# New Member - Nespresso - Feeling sick!



## ScottishCoffeeDrinker (Dec 21, 2020)

Hi

I like my coffee and have drank it regularly for a long time however since I've changed to nespresso I've realised I am getting upset stomachs and sickness feeling.

So I use to just drink Kenco millicano and quite regularly and it never caused any stomach problems. Now when I try making my nespresso with frothy milk I just want to bring it back up! Gives me really sore head and keep regurgitating it.

can anyone offer any advice? Tried normals cows milk, tried lactose free cows milk...

- Could it be the fact it's cows milk?

- Could it be the fact I am frothing the milk?

- I can't imagine it's the coffee itself?

- Maybe I should get use to my coffee black again which is use to drink?

As I am writing this I think I have brought it up about 3 times! Disgusting I know.


----------



## itguy (Jun 26, 2015)

What kind of drinks are you making with your Nespresso and milk?

If you are used to drinking kenco with a splash of milk and now you're having a lot more milk in your drinks, that might be all it is.

It could potentially be exacerbating an underlying health complaint or intolerance though too.

You could try to replicate your old kenco type of drink but with the nespresso first, so pull a shot of nespresso coffee, top it up with hot water then add a splash of milk?

If you do this for a few days and feel fine then you'll know it isn't the nespresso coffee or the caffeine content and it's milk related at least.


----------



## ScottishCoffeeDrinker (Dec 21, 2020)

Sounds like a good plan. Especially when the likes of energy drinks don't cause me stomach problems so would not think it is caffeine content


----------



## itguy (Jun 26, 2015)

Good luck. It's probably just because the drinks might be a bit richer that you are used to, that's all. What kind of milk are you using? If it's full fat 4%, try using semi or even skimmed and see what happens then too


----------



## ScottishCoffeeDrinker (Dec 21, 2020)

Semi skilled


----------



## DavecUK (Aug 6, 2013)

ScottishCoffeeDrinker said:


> Semi skilled


 Me too 🤣


----------



## MediumRoastSteam (Jul 7, 2015)

ScottishCoffeeDrinker said:


> So I use to just drink Kenco millicano and quite regularly and it never caused any stomach problems. Now when I try making my nespresso with frothy milk I just want to bring it back up! Gives me really sore head and keep regurgitating it.


 How clean is the machine? If you are using the aeroccino or whatever other device, how clean is it?



ScottishCoffeeDrinker said:


> would not think it is caffeine content


 Have you ruled out the milk? I.e: drink the coffee diluted with water. Leave milk out of the equation. What happens? If you still have issues, then it's obvious something is wrong with your Nespresso, and might be due to poorly maintenance / cleanliness / hygiene. If nothing happens after a day, add warm milk to the coffee, but DO NOT use the aeroccino. If all good, then proceed with your normal way. If you are getting adverse effects, then it must be related to the aeroccino and milk going off / rancid inside it due to poor hygiene.

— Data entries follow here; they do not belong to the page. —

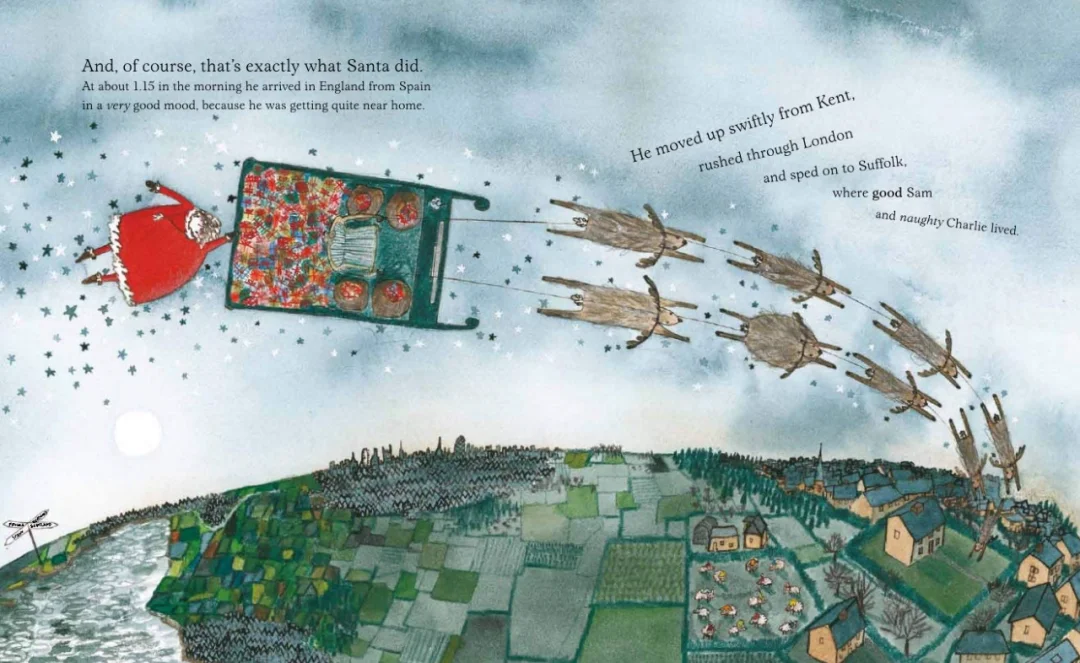 圣诞老公公在午夜时分驾着驯鹿雪橇来到小山和夏夏家。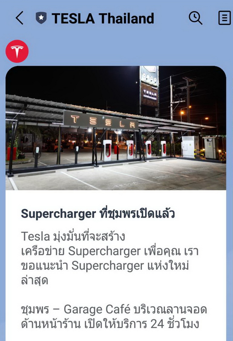 ลงใต้แบบแพ็คคู่! เทสลา ประเทศไทย ขยาย TESLA SUPERCHARGE STATION ลงสู่ภาคใต้เป็นครั้งแรก ประเดิมที่ Bluport Hua Hin เลขที่ 8 89 ถ.เพชรเกษม อ.หัวหิน จ.ประจวบคีรีขันธุ์ ให้บริการด้วยเครื่องซูเปอร์ชาร์จขนาด 250 กิโลวัตต์ จำนวน 3 เครื่อง รองรับระบบชาร์จ CCS ให้บริการทุกวัน ตลอด 24 ชั่วโมง มีสิ่งอำนวยความสะดวกครบครัน ทั้ง ร้านอาหาร จุดชอปปิ้ง ห้องน้ำ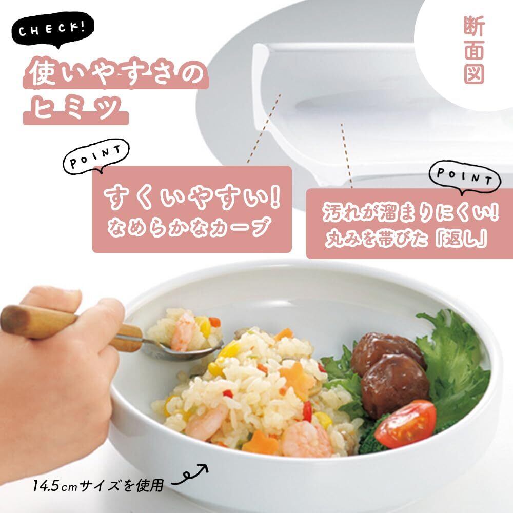 【17cm すくいやすい食器】まるくぱーじゅ(公式) 2歳~小学生 ワンプレート どんぶり サラダ皿 深皿 子ども食器 食洗機 電子レンジ 保育園給食 陶磁器 強化磁器 (ホワイト)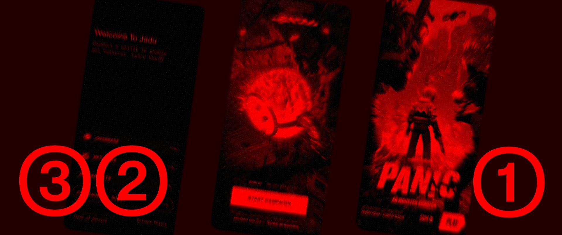 Below you can see more details about the products — ① Panic, ② Fight, ③ NFT Platform — I helped Jadu create. ↯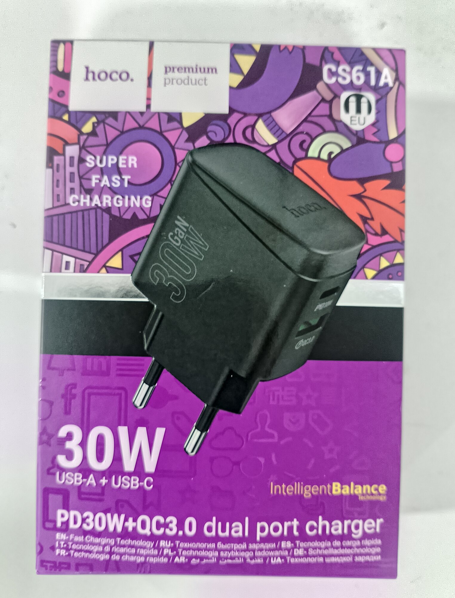 Сетевое зарядное устройство 1 USB, 1 Type-C HOCO CS61A Bright, 3.0A, PD30Вт, цвет: чёрный
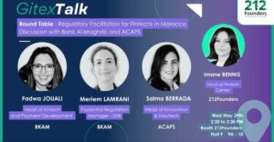 L'événement Fintech Center by 212Founders, dans le cadre des GITEX Talks, se prépare à vous accueillir pour une discussion passionnante sur la "Facilitation Réglementaire pour la Fintech au Maroc". Cette première Table Ronde réunira des régulateurs influents de Bank Al-Maghrib et de l'ACAPS pour débattre des évolutions et des défis réglementaires auxquels font face les Fintechs marocaines.

see how it goes. I'd advise you to completely clean / sterilise / rinse the whole kit very thoroughly. Repeat the process and see how it goes.


----------



## ScottishCoffeeDrinker (Dec 21, 2020)

I have only had the machine maybe a couple of weeks so still very clean and clean the milf froth thing after every use. Might just be an issue with milk. Maybe try it without warming/frothing

Thanks


----------



## Rincewind (Aug 25, 2020)

ScottishCoffeeDrinker said:


> I have only had the machine maybe *a couple of weeks* so still very clean...

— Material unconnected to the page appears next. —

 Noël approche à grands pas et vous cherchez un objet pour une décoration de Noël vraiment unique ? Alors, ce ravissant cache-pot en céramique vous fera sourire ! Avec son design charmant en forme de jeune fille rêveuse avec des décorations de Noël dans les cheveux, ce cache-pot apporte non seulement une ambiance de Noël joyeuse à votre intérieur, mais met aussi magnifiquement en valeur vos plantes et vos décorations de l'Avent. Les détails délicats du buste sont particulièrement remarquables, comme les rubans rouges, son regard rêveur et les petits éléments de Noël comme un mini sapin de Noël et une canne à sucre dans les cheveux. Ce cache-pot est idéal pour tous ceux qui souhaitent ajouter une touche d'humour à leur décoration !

 Hi and welcome to the forum....i know you've only had the machine for a couple of weeks but was it new ? ...was it 2nd hand ? ...or was it a gift (used).


----------



## ScottishCoffeeDrinker (Dec 21, 2020)

Brand new, gift ordered from nespresso direct. Tried today with just a small amount of milk and seemed better.


----------



## Rincewind (Aug 25, 2020)

That's good news....let us all know in a few more days; and may the Vomit God's plague thee no more.


----------



## DavecUK (Aug 6, 2013)

ScottishCoffeeDrinker said:


> I have only had the machine maybe a couple of weeks so still very clean and clean the milf froth thing after every use. Might just be an issue with milk. Maybe try it without warming/frothing


 My god I hope that's a typo 🤣

I guess you might have developed an allergy to milk....do you have problems with dairy now that you never used to, cereal, tea, cheese, butter, cream and the like.?


----------



## ScottishCoffeeDrinker (Dec 21, 2020)

Clearly it has been a predictive text change taken from my google search history.....


----------



## MWJB (Feb 28, 2012)

Did you calibrate the volumetrics with a scale?


----------



## ScottishCoffeeDrinker (Dec 21, 2020)

Did I calculate the what the voluwhats?! I made a cup of coffee by pressing a button on a machine not a Covid vaccine in a science lab! 🤣🤣🤣


----------



## MWJB (Feb 28, 2012)

DavecUK said:


> My god I hope that's a typo 🤣
> 
> I guess you might have developed an allergy to milk....do you have problems with dairy now that you never used to, cereal, tea, cheese, butter, cream and the like.?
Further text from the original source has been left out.